### Assignment
As the answer, set down the lines below from the one containing "into the blender." through the one containing "As a member", exactly and inclusively, and no others.

### Extracted records
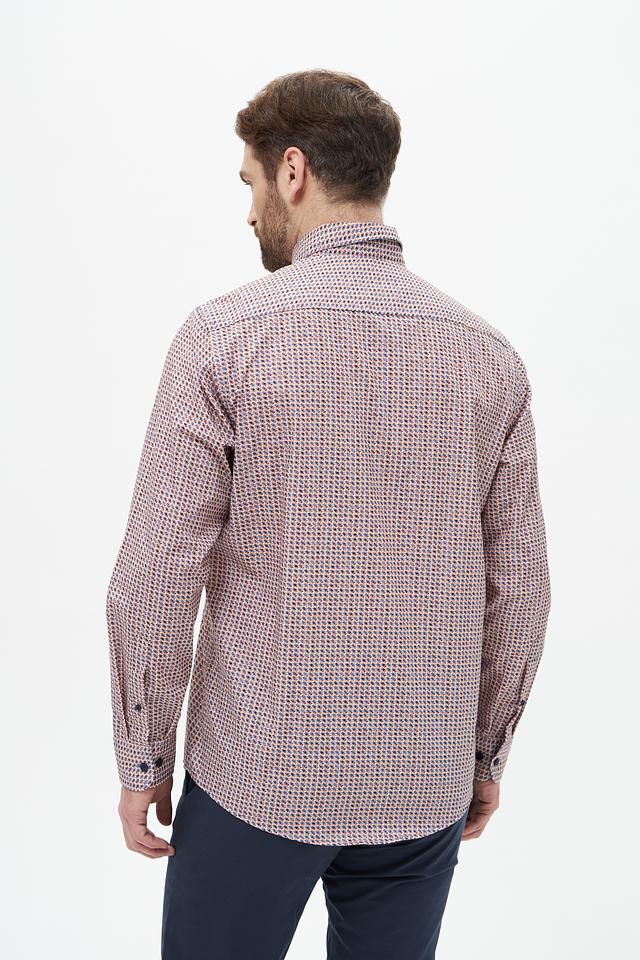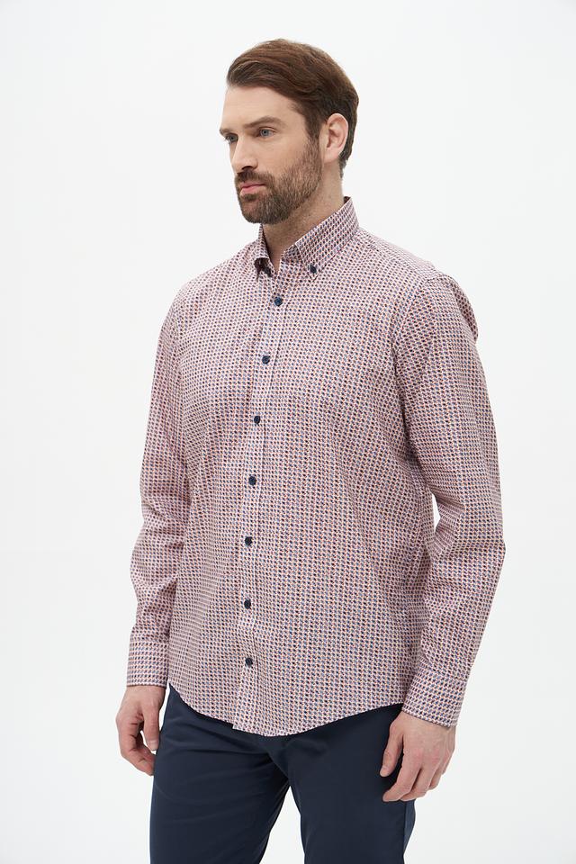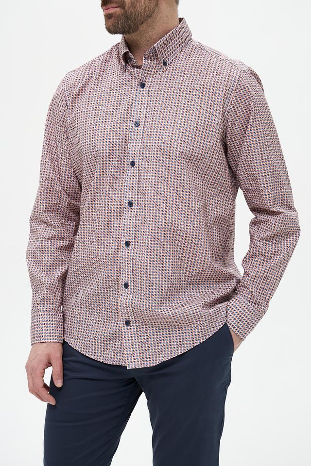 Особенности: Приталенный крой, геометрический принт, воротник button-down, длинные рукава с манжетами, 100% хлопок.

--

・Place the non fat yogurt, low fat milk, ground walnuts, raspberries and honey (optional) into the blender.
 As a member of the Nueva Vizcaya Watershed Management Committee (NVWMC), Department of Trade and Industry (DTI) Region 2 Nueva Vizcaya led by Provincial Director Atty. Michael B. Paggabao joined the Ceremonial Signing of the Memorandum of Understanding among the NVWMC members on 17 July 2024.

* * *

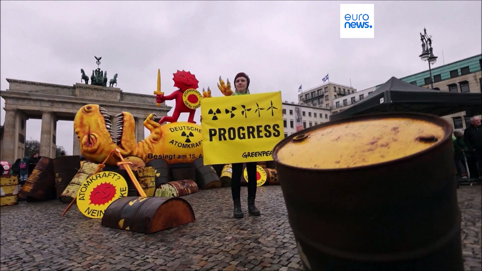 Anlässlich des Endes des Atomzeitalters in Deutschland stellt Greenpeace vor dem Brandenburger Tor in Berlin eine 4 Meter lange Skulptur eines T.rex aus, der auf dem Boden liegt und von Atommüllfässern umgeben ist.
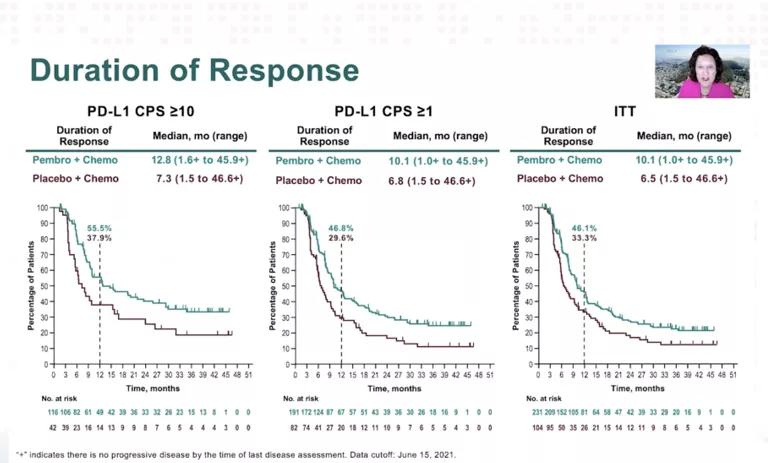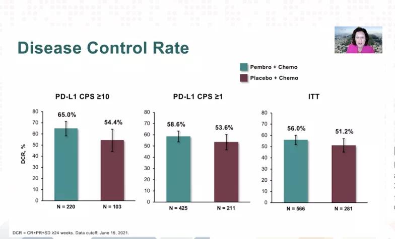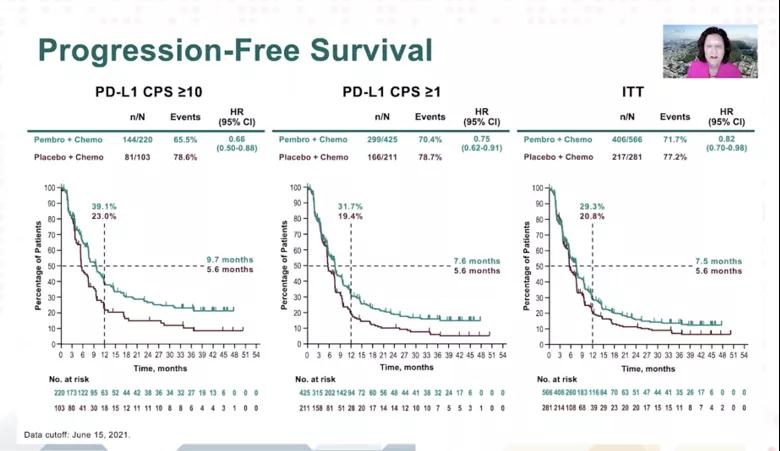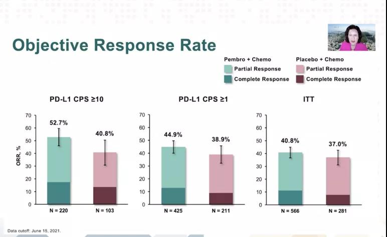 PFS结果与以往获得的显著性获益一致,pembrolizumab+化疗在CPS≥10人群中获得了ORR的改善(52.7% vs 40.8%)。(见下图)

### Solution
・Place the non fat yogurt, low fat milk, ground walnuts, raspberries and honey (optional) into the blender.
 As a member of the Nueva Vizcaya Watershed Management Committee (NVWMC), Department of Trade and Industry (DTI) Region 2 Nueva Vizcaya led by Provincial Director Atty. Michael B. Paggabao joined the Ceremonial Signing of the Memorandum of Understanding among the NVWMC members on 17 July 2024.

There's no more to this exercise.